The award is given in recognition of the woman who has done the most in the preceding year to promote the role of women in ophthalmology. Dr. Williams said, “The Suzanne Veronneau-Troutman award reminds us of several generations of remarkable women in ophthalmology, including Dr. Veronneau-Troutman, who have made vibrant contributions to our profession.” She added, “My husband’s grandmother was a physician. I dedicate this award to Dr. Harriet Skemp and the courageous women physicians of her generation who prepared the path for me. Thank you, Dr. Veronneau-Troutman and my colleagues of Women in Ophthalmology, for this honor—I share it with each of you.”

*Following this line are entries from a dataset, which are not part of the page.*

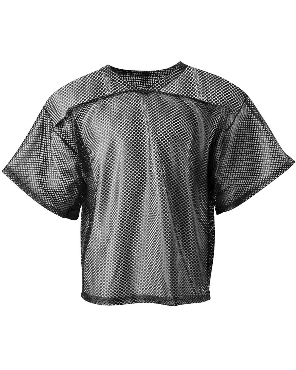 100% polyester mesh, 5.3 oz. per square yard; Contains moisture-wicking, stain release, and is odor resistant; Double layer cowl; V-Neck self-trim; Reinforced coverseam finish
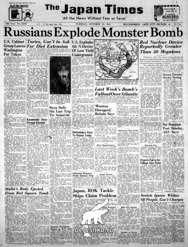 "Бомба... показала мощность больше расчетной - 57 мегатонн, сообщает сын Хрущева Сергей Никитич. - Одновременно с ней конкурирующие коллективы разработчиков сделали бомбы в 25 и 100 мегатонн, но их никогда не испытывали". И слава богу!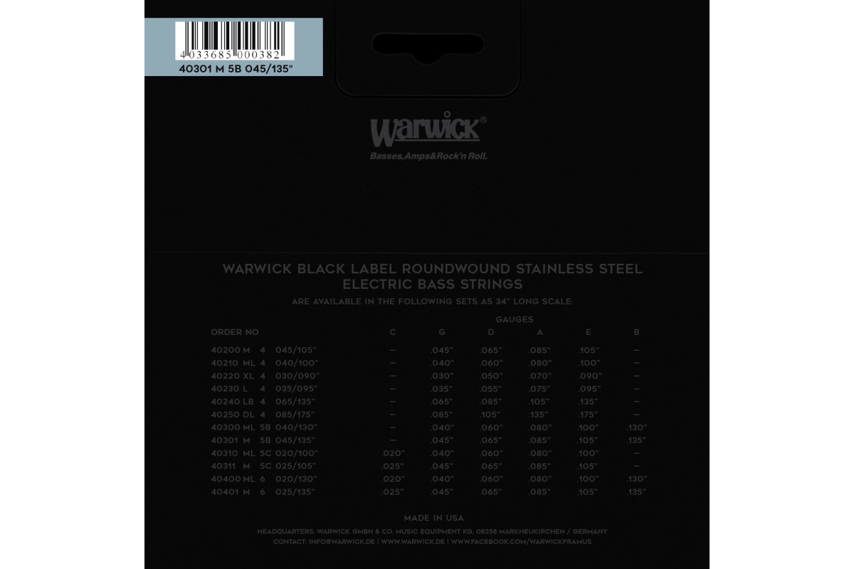 Серия Black Label предназначена для музыкантов, которые ценят широкий динамический диапазон и выразительность тона. Конусная (tapered) пятая струна B (Си) гарантирует четкий и мощный низ без потери атаки. Эти струны по умолчанию устанавливаются на немецкие Warwick серии Teambuilt .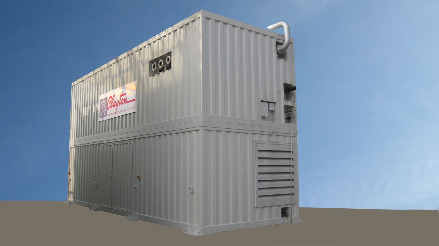 Het Clayton stoomketelhuis geïntegreerd in container is een volledig autonoom stoomtoevoersysteem dat snel ter plaatse kan worden aangesloten en indien nodig makkelijk kan worden verplaatst.
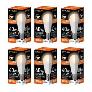 スタイル:40W(調光器対応)◆商品名:スタイルド LED電球 6個セット E17 電球色 40W形相当 調光器対応 ミニクリプトン形 広配光タイプ 密閉器具対応 HA4D17L6【調光器対応】全光束:48...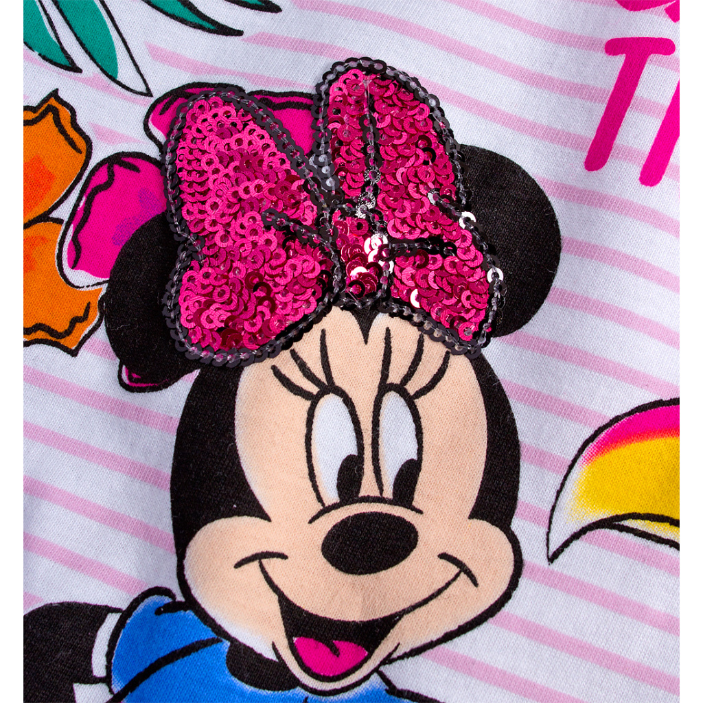 Letní šatičky s myškou Minnie. Krátký rukávek, pohodlý úplet z kvalitní bavlny, skvělé do teplých letních dnů. Mašlička z našitých flitrů.

The International Society of Refractive Surgery (ISRS) awarded Marcony R. Santhiago, MD, PhD, of Brazil with the 21st Annual Richard C. Troutman, MD, DSc (HON) Prize during the ISRS Awards on Nov. 9. This prize recognizes the scientific merit of a young author publishing in the Journal of Refractive Surgery and includes a $5,000 honorarium from the Troutman Endowment. Dr. Santhiago said, “To me, it is a great honor to receive the Troutman award this year. I really know the history and the importance of this prestigious prize. It’s the greatest achievement of my career, and I hope it helps aspiring young ophthalmologists to keep working on research and producing quality papers.”

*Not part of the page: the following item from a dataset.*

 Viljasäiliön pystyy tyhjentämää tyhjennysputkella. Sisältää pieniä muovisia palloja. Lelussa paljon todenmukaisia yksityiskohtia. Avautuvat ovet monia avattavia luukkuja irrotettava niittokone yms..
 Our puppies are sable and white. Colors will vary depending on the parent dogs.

The Lions Eye Institute for Transplant & Research honored Lewis R. Groden, MD, and Henry F. Edelhauser, MD, at its 2012 Eye Ball Gala on Oct. 6. Dr. Groden was honored with the Light of Sight Award for his assistance in the organization’s growth, and Dr. Edelhauser with the Innovation and Research Award for his microneedle invention.

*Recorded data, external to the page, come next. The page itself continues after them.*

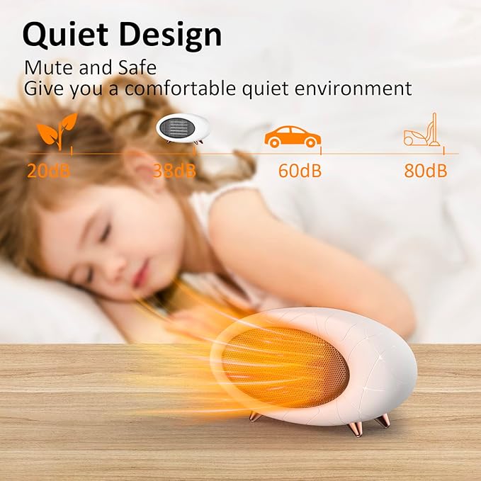 • 【QUIET DESIGN】The small heater is lower than 45 dB level,quiet enough for most people to use in a bedroom while sleeping,and it’s also extremely suitable for warming the room while reading,working,studying or watching TV,it won’t being disturbed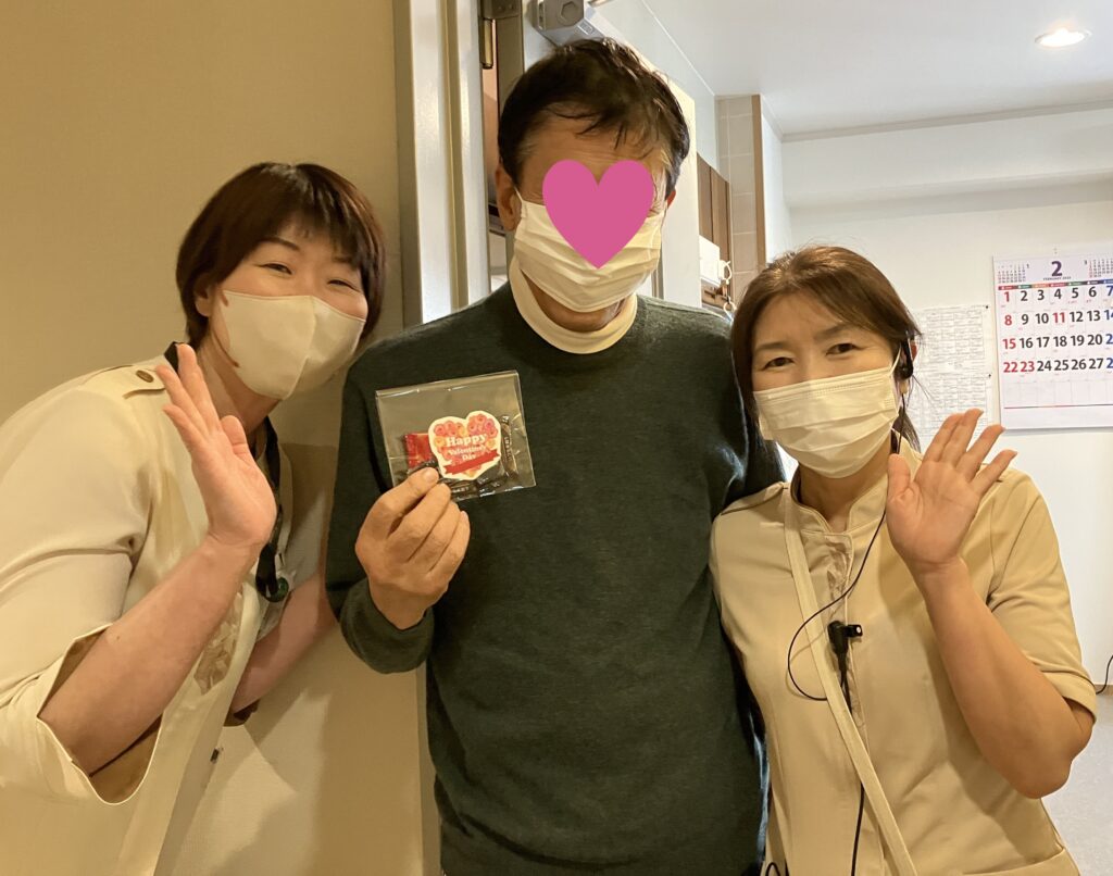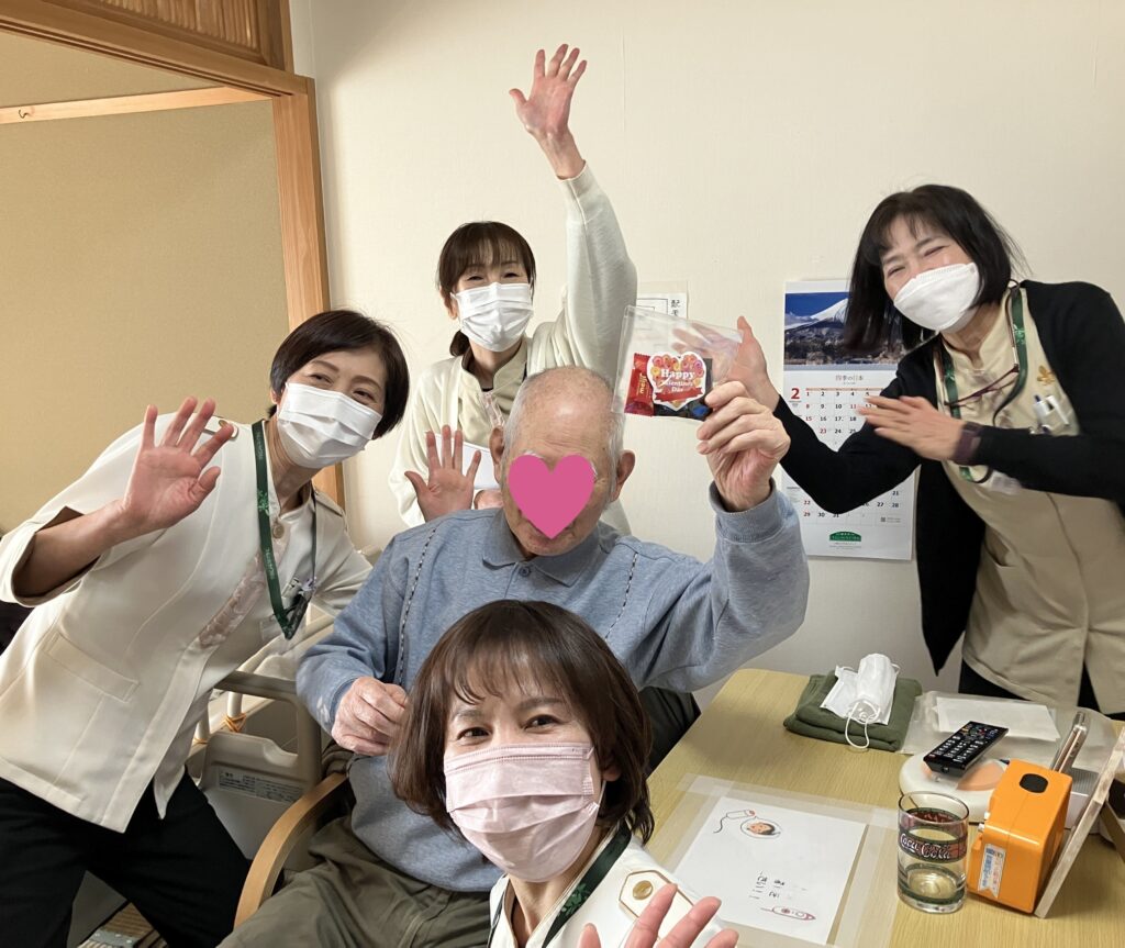 女性職員がたくさん訪問するので、お部屋は華やぎ、にぎやかです。ご入居者もはじけて受け取ってくださいました。バレンタインデー、職員のご入居者への愛が飛び交う日となりました。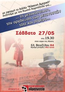Με αφορμή, το βιβλίο του Κωστή Καρπόζηλου «Κόκκινη Αμερική. Έλληνες μετανάστες και το όραμα ενός Νέου Κόσμου 1900-1950», το Σάββατο 27 Μάη και ώρα 7.30 μ.μ., θα πραγματοποιηθεί συζήτηση-εκδήλωση με θέμα τη μετανάστευση και την οργάνωση των μεταναστών από τις αρχές του προηγούμενου αιώνα ως σήμερα, στο χώρο της Εργατικής Λέσχης Νέας Ιωνίας-υδραγωγείο, Ελ. Βενιζέλου 84, Άγαλμα Μητέρας.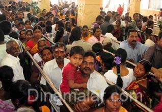 ஆனைமலை: ஆனைமலை மாசாணியம்மன் கோவிலில், ஆங்கில புத்தாண்டு மற்றும் அமாவாசையை முன்னிட்டு நடந்த சிறப்பு பூஜையில், அம்மனை தரிசிக்க ஆயிரக்கணக்கான பக்தர்கள் குவிந்தனர். கோவை மாவட்டத்தில் பிரசித்தி பெற்ற கோவில்களில் ஆனைமலை மாசாணி அம்மன் கோவில் முக்கியமானது. இங்கு சயன நிலையில் காட்சி தரும் மாசாணி அம்மனை தரிசிக்க, தமிழகத்தின் பல்வேறு பகுதிகளில் இருந்து மக்கள் வருகை தருகின்றனர். ஆங்கில புத்தாண்டு மற்றும் அமாவாசையை முன்னிட்டு, நேற்று முன்தினம் இரவு முதலே கோவில் நடை திறந்திருந்தது. மாவட்டத்தின் பல பகுதிகளில் இருந்து, கோவிலுக்கு சிறப்பு பஸ்கள் இயக்கப்பட்டன. நேற்று முன்தினம் இரவு முதல் ஆயிரக்கணக்கான பக்தர்கள் கோவில் வளாகத்தில் குவியத் தொடங்கினர். அமாவாசை, புத்தாண்டை முன்னிட்டு நேற்று அம்மனுக்கு சிறப்பு பூஜைகள் நடந்தன. காலை முதல் பக்தர்கள் வரிசையில் காத்திருந்து அம்மனை தரிசித்தனர்.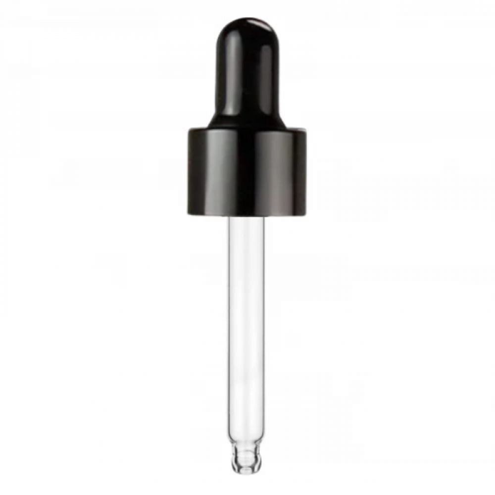 Піпетка косметична з ковпачком чорна з гладким кільцем для флакону 10 мл

Richard K. Forster, MD, Helen L. Kohen, and Andrew A. Moshfeghi, MD, MBA, wrote the medical text for An Artist’s Perspective on the Eye—Paintings by J. McGuinness Myers, published by the Bascom Palmer Eye Institute (BPEI) as part of its 50th anniversary celebration this fall. The book of artwork—all from paintings and drawings Mr. Myers created on site at BPEI at the University of Miami from 1966-1968—depicts numerous eye conditions, including those of the cornea, lens, vitreous, and retina. “We wanted to make these images, treasured at the BPEI for their intricacy and artistry as well as their medical value, available to a broader audience,” said Dr. Forster. More information is available at www.fineartspress.com/?p=447.
Who’s in the News
V.K. Raju, MD, and Peter J. McDonnell, MD, were featured by The Dominion Post in Morgantown, W. Va., Aug. 19 in an article about Dr. Raju’s Eye Foundation of America (EFA) and its annual fundraiser. The EFA provides eye treatment to people in developing countries, especially children.
At the event, Dr. McDonnell, director of the Wilmer Eye Institute, received the first Robert L. Murphy Visionary award.